Attackers Are Bypassing Your MFA

An illustration of a person overwhelmed by a barrage of multi-factor authentication prompts on their devices.

TL;DR: Multi-factor authentication (MFA) is being defeated by a simple tactic. Attackers with stolen credentials spam users with login approval requests, hoping to trick them into granting access out of confusion or fatigue. This method bypasses a core security protection without stealing the second factor.

By Neeraj Dhiman·2h ago·1 min read·updated 40m ago
Source

Key facts

Category
Cybersecurity
Impact
High
Published
2h ago
Source
The Hacker News

Full summary

Attackers are defeating multi-factor authentication by flooding users with approval requests until one is accepted, bypassing a key security defense.

Multi-factor authentication (MFA) was designed to be a robust defense, protecting accounts even if passwords were compromised. The system works on the principle that an attacker who steals a password still cannot access the second factor, such as a push notification or a code. However, attackers are now exploiting this process by focusing on the human element rather than the technology. After obtaining valid credentials, they initiate repeated login attempts, which floods the legitimate user's device with a constant stream of MFA approval prompts. The strategy doesn't involve hacking the second factor; it relies on overwhelming the user.

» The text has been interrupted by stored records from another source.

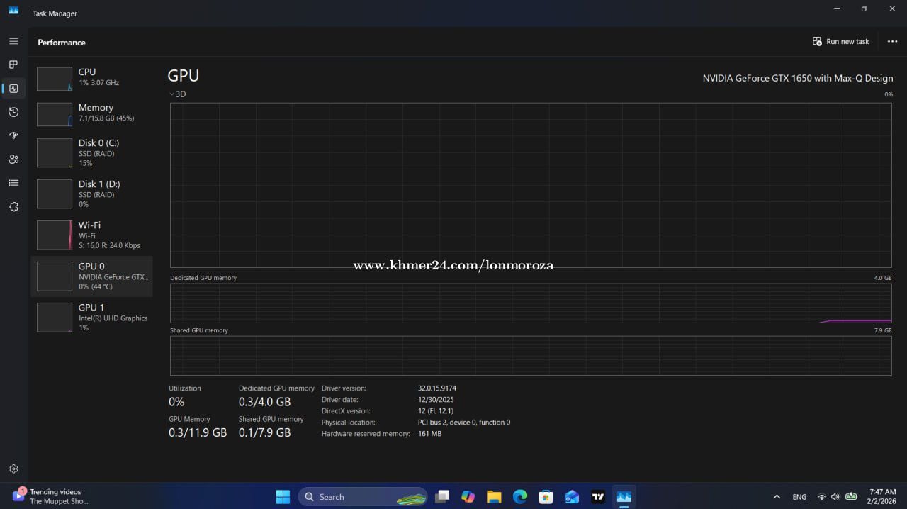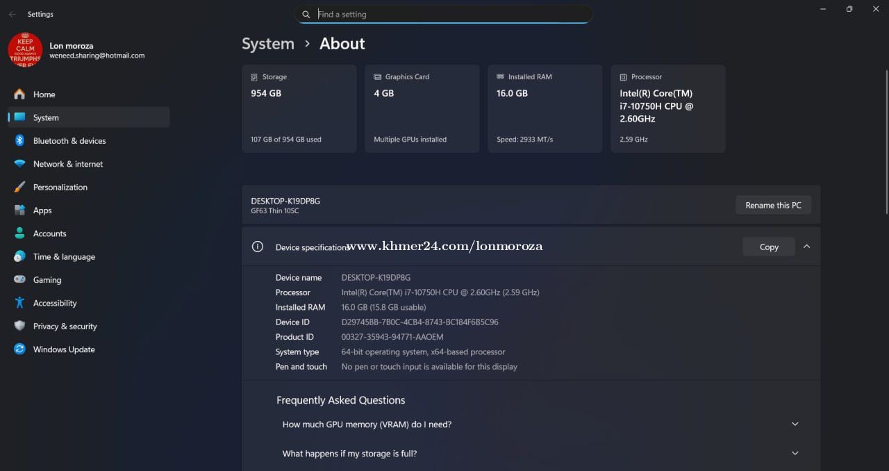 Model: MSI GF63thin CPU: Core i5-10th 2.50Ghz Ram : 16Gb SSD: 1T VGAII : intel UHD graphics VGA : NVIDID GeForce GTX 1650 4GB Screen: 15.6inch Keyboard Red នៅស្អាតដូចថ្មី គ្រាន់តែថ្មអត់កាន់តែlaptopdesign ដោតឌុយប្រើជារឿងធម្មតា
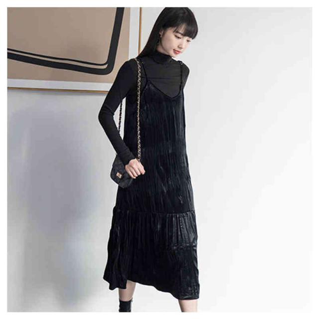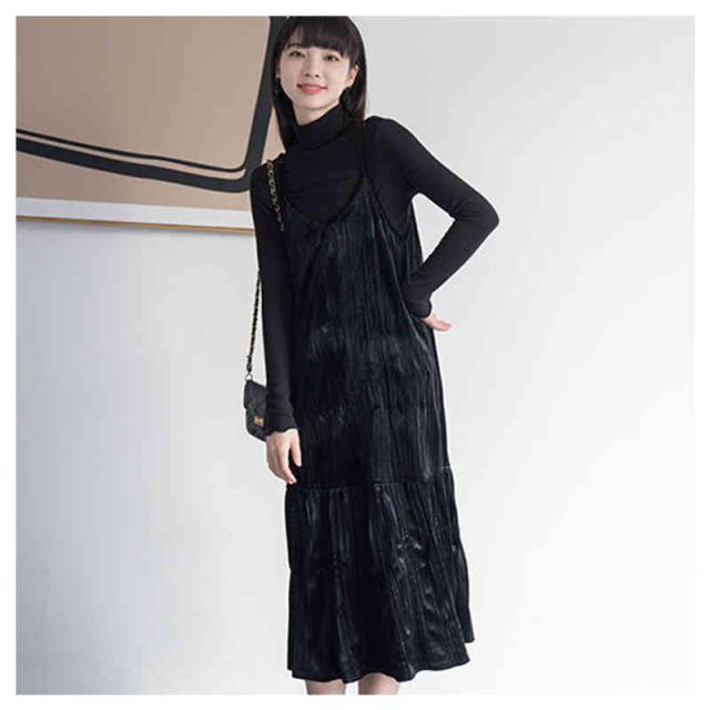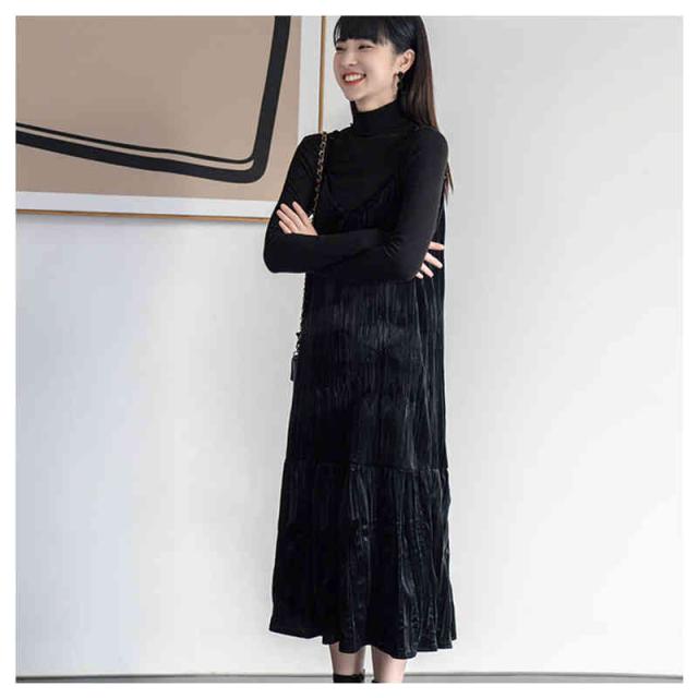ベルベット ワンピース インナー ワンピース ロングワンピース ノースリーブワンピース レディース 重ね着 結婚式 パーティードレス オフィス カジュアル シワ しわ 上品 大人 春 通勤 入園式 卒業式
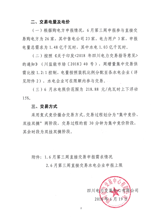 四川開展2018年6月第三周直接交易 申報電量總需求1.48億千瓦時(附名單)
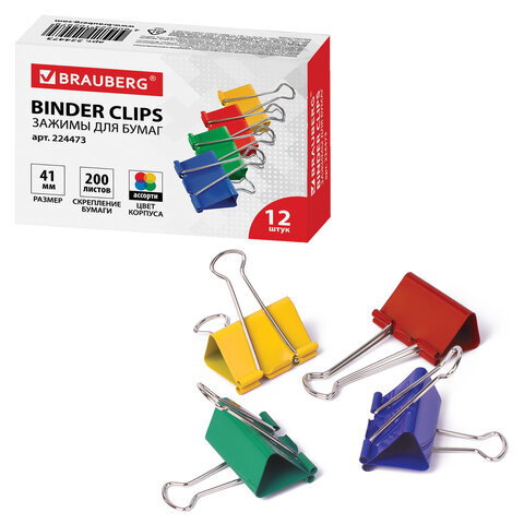 Зажимы для бумаг BRAUBERG, КОМПЛЕКТ 12 шт., 41 мм, на 200 листов, цветные, картонная коробка, 224473
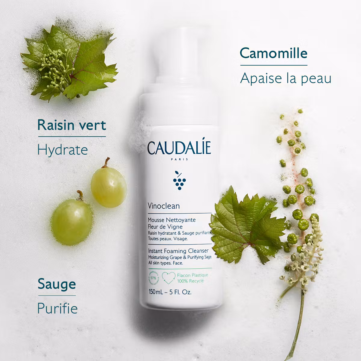Produit culte de la collection Vinoclean, la Mousse Nettoyante Fleur de Vigne est une lotion cristalline qui se transforme en une mousse généreuse et aérienne pour offrir à la peau un cocon de douceur.
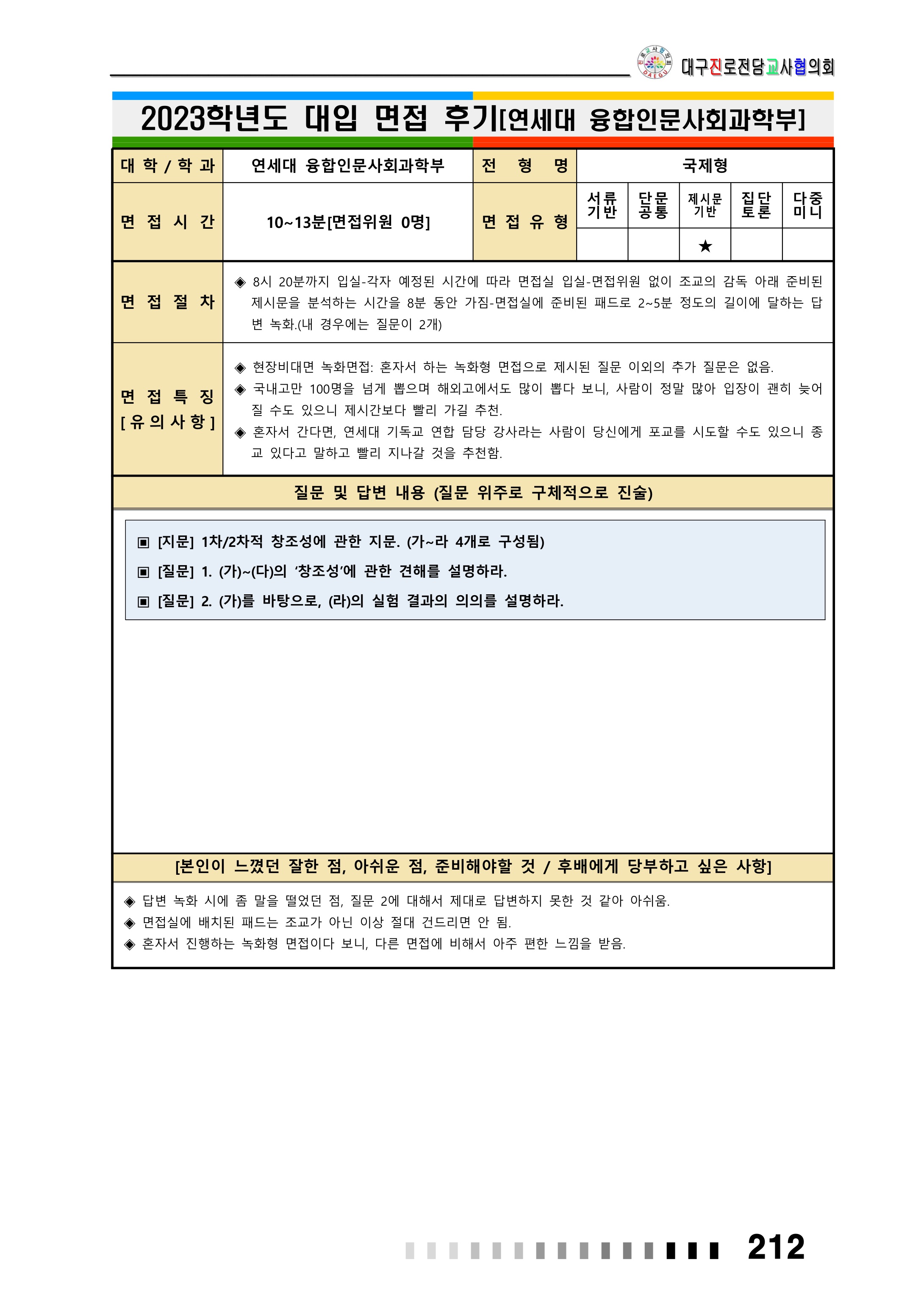 2023학년도 연세대학교 면접 후기10 - 융합인문사회과학부 2023학년도 연세대학교 면접 후기11 - 융합인문사회과학부

This technique, known as MFA fatigue or prompt bombing, is effective because it preys on common user behaviors. A person focused on their work may approve a prompt accidentally, or they may become so inundated with alerts that they approve one simply to stop the notifications. This turns a security feature into a vector for a breach. The vulnerability affects any organization using push-based MFA and highlights that technical controls alone are insufficient. It forces IT and security teams to re-evaluate their authentication strategies and recognize that even widely adopted security measures can be undermined through simple social engineering.

Why it matters

This attack vector bypasses a foundational security control (MFA) by exploiting human behavior rather than technical flaws, forcing companies to rethink their authentication strategies and user training.

Business impact

Successful MFA fatigue attacks can lead to account takeovers, data breaches, and unauthorized access to sensitive corporate systems. This undermines security investments and increases the risk of significant financial and reputational damage, as it invalidates a widely trusted security measure.

⚡ Action needed

Review MFA policies and educate users to defend against prompt bombing, a tactic that bypasses standard authentication by exploiting user fatigue.

Action checklist

  1. 1Review current MFA implementation for prompt bombing vulnerabilities.
  2. 2Educate employees on the risks of MFA fatigue and how to report it.
  3. 3Consider deploying phishing-resistant MFA, such as FIDO2/WebAuthn.
  4. 4Configure rate limiting on authentication requests where possible.